▶ _What you need to do_: In the records below, find the line with "Ahora puedes forrar", then retype it and every following line exactly, stopping after the line with "animated face Art". Leave the pictures out.

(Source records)
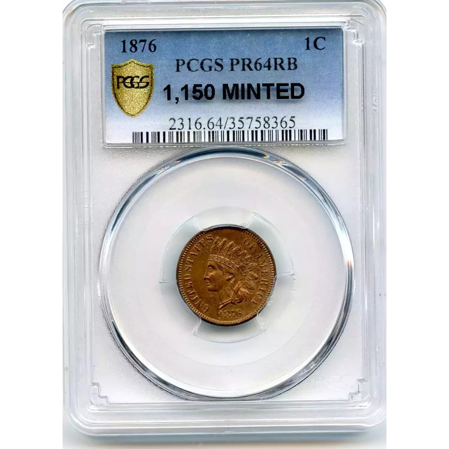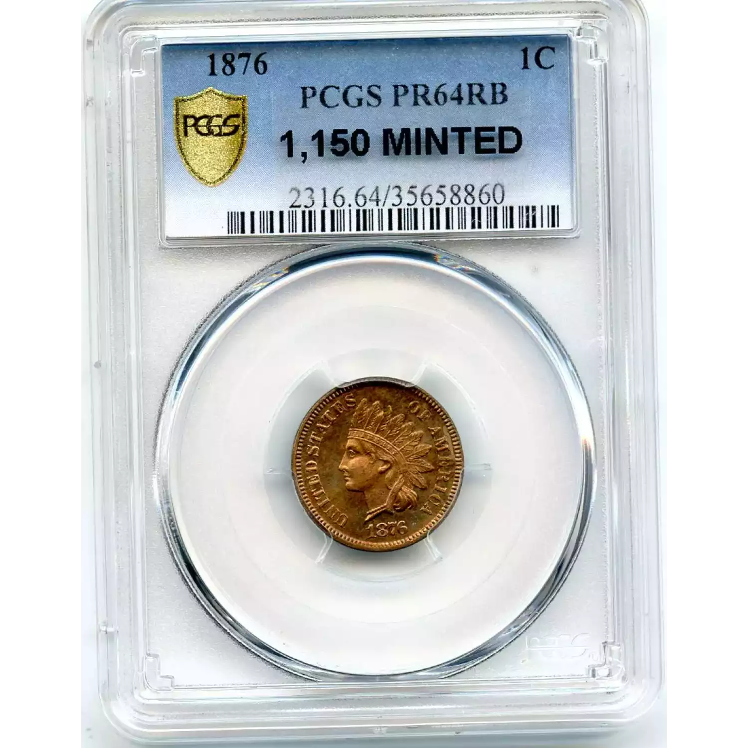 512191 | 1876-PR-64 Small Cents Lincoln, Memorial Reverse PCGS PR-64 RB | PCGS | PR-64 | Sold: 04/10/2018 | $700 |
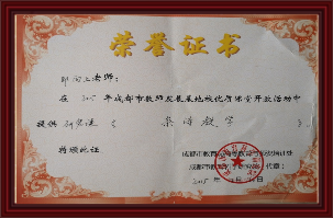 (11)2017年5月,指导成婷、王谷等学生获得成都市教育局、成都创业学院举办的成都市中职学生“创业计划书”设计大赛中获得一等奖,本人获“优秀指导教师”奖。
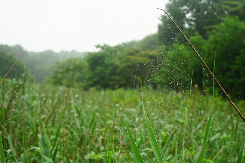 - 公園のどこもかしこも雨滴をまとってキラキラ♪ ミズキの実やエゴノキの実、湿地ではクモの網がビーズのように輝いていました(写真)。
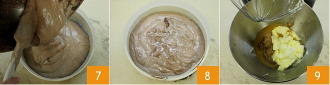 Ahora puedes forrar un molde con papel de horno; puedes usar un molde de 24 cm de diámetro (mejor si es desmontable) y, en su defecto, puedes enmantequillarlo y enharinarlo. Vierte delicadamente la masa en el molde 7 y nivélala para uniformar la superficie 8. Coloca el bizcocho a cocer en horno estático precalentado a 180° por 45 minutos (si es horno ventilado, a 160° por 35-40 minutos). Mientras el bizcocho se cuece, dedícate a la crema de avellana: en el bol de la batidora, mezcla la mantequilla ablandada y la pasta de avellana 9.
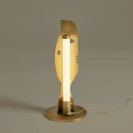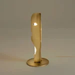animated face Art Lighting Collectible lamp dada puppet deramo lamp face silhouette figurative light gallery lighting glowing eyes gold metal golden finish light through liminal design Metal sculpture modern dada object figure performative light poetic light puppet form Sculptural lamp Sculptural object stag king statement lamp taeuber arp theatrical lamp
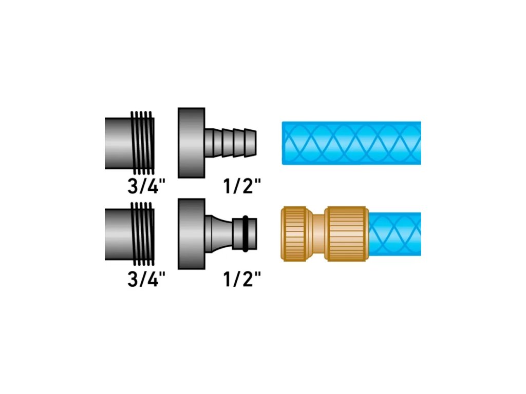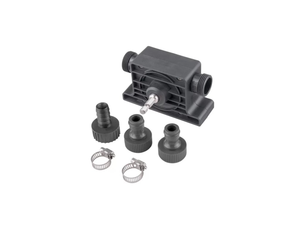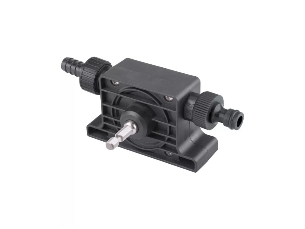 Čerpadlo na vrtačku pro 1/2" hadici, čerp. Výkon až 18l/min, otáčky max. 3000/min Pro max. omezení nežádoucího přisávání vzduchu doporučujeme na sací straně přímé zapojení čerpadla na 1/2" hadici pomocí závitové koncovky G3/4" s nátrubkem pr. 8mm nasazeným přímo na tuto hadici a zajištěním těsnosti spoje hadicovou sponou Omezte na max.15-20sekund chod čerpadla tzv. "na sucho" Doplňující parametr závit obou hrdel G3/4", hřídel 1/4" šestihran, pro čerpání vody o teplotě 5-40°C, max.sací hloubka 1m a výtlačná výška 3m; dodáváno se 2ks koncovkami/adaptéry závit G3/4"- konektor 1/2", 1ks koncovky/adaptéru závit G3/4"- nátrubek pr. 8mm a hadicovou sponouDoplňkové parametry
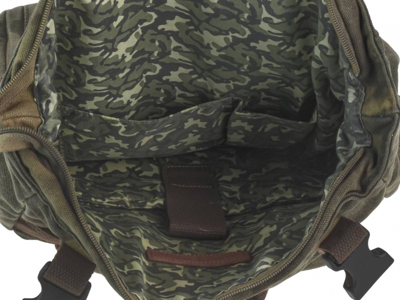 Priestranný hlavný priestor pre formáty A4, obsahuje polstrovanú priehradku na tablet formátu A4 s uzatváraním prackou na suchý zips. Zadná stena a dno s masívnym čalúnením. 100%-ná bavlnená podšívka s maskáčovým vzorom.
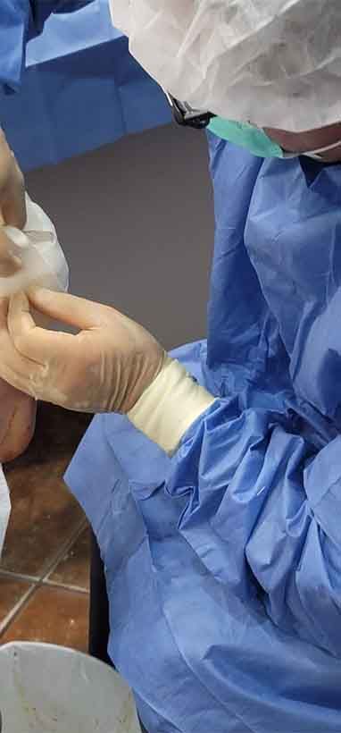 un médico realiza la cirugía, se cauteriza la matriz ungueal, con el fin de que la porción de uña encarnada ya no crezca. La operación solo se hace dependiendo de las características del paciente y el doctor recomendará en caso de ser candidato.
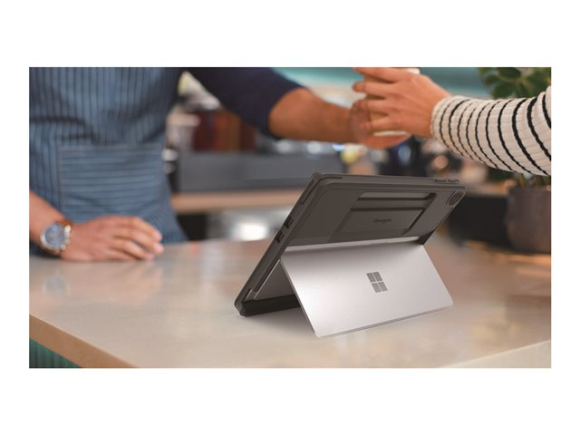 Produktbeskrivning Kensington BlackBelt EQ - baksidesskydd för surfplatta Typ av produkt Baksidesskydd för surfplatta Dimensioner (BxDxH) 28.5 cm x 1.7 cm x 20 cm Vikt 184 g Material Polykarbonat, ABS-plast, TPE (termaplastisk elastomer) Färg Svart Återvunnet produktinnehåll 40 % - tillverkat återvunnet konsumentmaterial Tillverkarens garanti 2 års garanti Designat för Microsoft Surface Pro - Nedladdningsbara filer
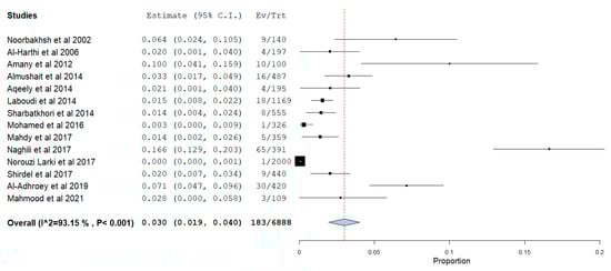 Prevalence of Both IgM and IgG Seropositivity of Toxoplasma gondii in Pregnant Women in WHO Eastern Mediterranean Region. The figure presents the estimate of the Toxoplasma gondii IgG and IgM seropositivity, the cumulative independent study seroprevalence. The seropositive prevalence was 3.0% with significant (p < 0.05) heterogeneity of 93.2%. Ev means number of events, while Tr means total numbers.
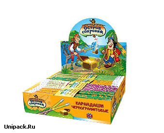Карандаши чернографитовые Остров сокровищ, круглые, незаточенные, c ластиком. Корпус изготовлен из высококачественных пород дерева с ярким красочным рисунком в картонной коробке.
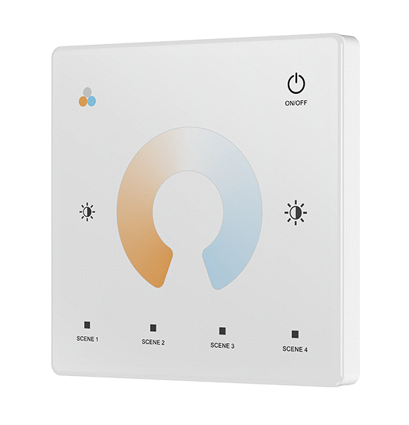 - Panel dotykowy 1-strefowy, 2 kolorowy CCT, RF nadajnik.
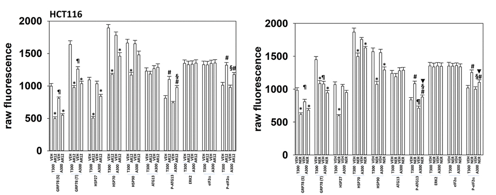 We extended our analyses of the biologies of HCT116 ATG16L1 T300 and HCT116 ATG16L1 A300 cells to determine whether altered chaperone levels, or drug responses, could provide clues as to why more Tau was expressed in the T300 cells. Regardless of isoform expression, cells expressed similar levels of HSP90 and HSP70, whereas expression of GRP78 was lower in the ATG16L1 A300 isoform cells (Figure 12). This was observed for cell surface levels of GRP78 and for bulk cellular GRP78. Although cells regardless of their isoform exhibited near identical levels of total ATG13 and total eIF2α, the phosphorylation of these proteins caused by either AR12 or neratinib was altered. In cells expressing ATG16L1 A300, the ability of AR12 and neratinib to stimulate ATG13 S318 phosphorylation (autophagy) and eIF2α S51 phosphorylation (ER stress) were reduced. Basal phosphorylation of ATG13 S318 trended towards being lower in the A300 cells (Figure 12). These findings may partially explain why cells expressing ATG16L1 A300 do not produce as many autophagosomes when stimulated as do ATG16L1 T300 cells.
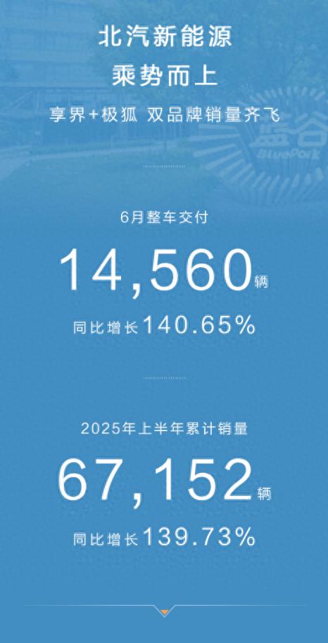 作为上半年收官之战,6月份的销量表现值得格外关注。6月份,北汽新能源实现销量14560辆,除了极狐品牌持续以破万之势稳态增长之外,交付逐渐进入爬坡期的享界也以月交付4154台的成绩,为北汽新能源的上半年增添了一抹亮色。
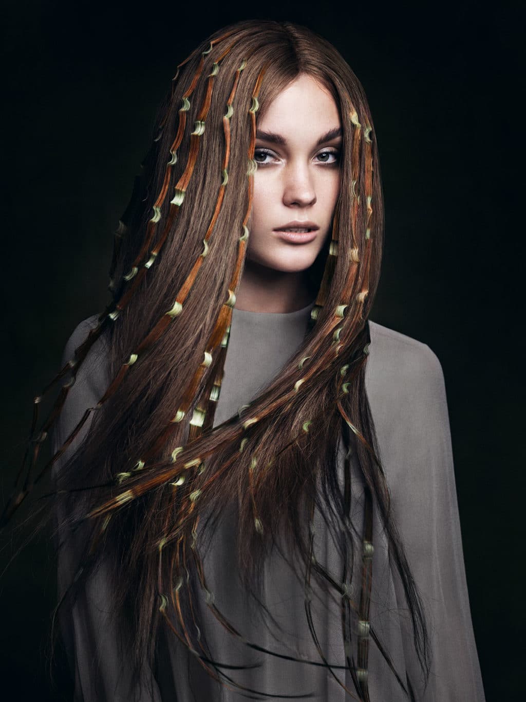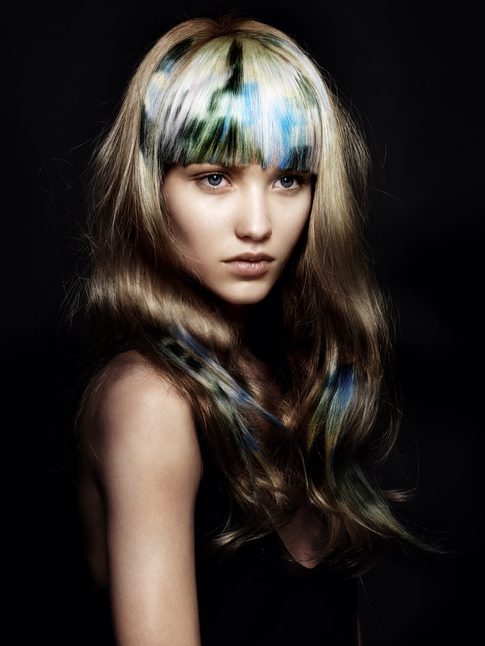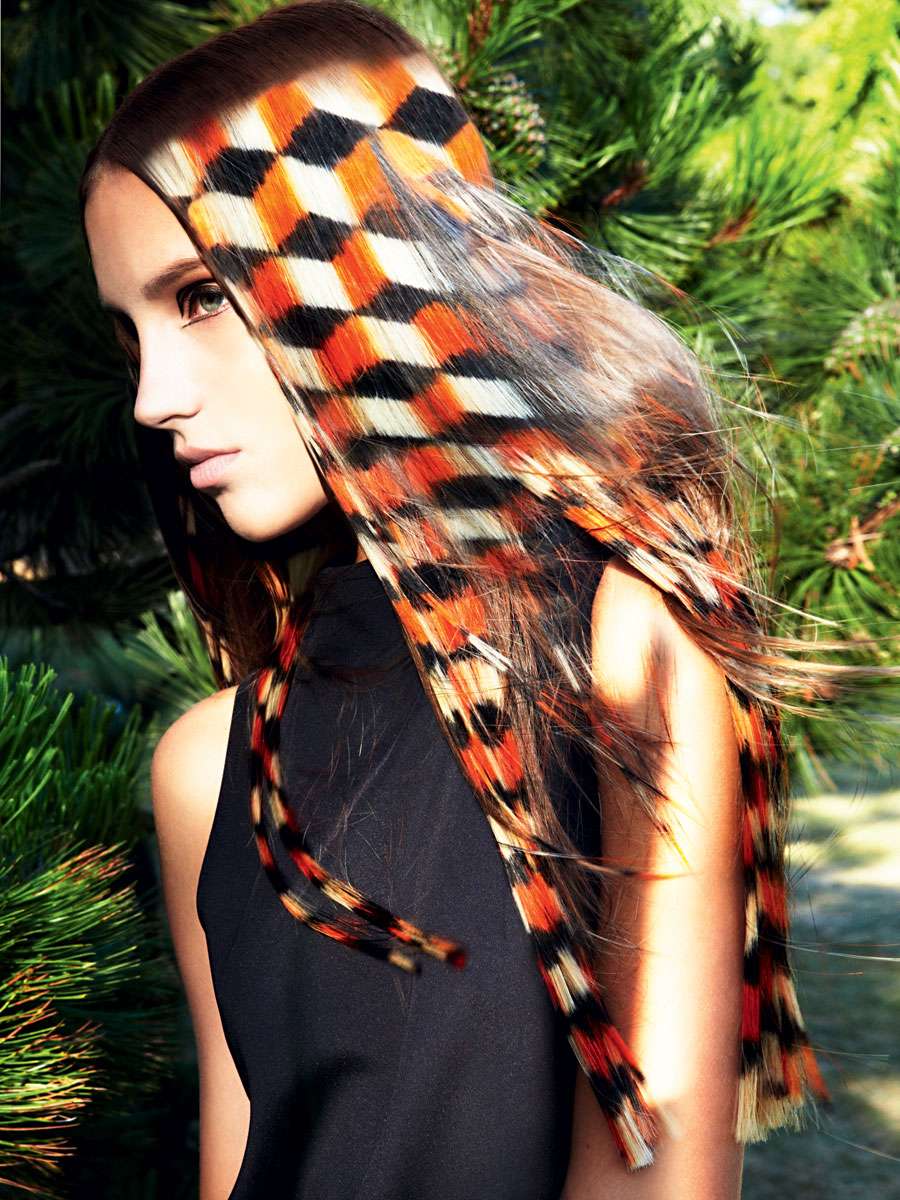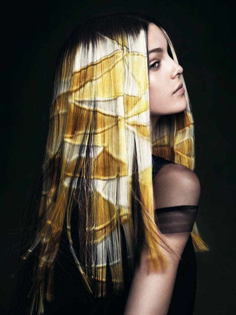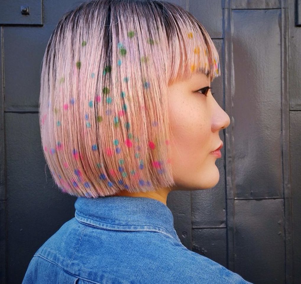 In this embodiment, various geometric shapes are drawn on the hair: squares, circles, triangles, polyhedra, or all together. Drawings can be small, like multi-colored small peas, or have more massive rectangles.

▶ _Written solution_:
 Ahora puedes forrar un molde con papel de horno; puedes usar un molde de 24 cm de diámetro (mejor si es desmontable) y, en su defecto, puedes enmantequillarlo y enharinarlo. Vierte delicadamente la masa en el molde 7 y nivélala para uniformar la superficie 8. Coloca el bizcocho a cocer en horno estático precalentado a 180° por 45 minutos (si es horno ventilado, a 160° por 35-40 minutos). Mientras el bizcocho se cuece, dedícate a la crema de avellana: en el bol de la batidora, mezcla la mantequilla ablandada y la pasta de avellana 9.
animated face Art Lighting Collectible lamp dada puppet deramo lamp face silhouette figurative light gallery lighting glowing eyes gold metal golden finish light through liminal design Metal sculpture modern dada object figure performative light poetic light puppet form Sculptural lamp Sculptural object stag king statement lamp taeuber arp theatrical lamp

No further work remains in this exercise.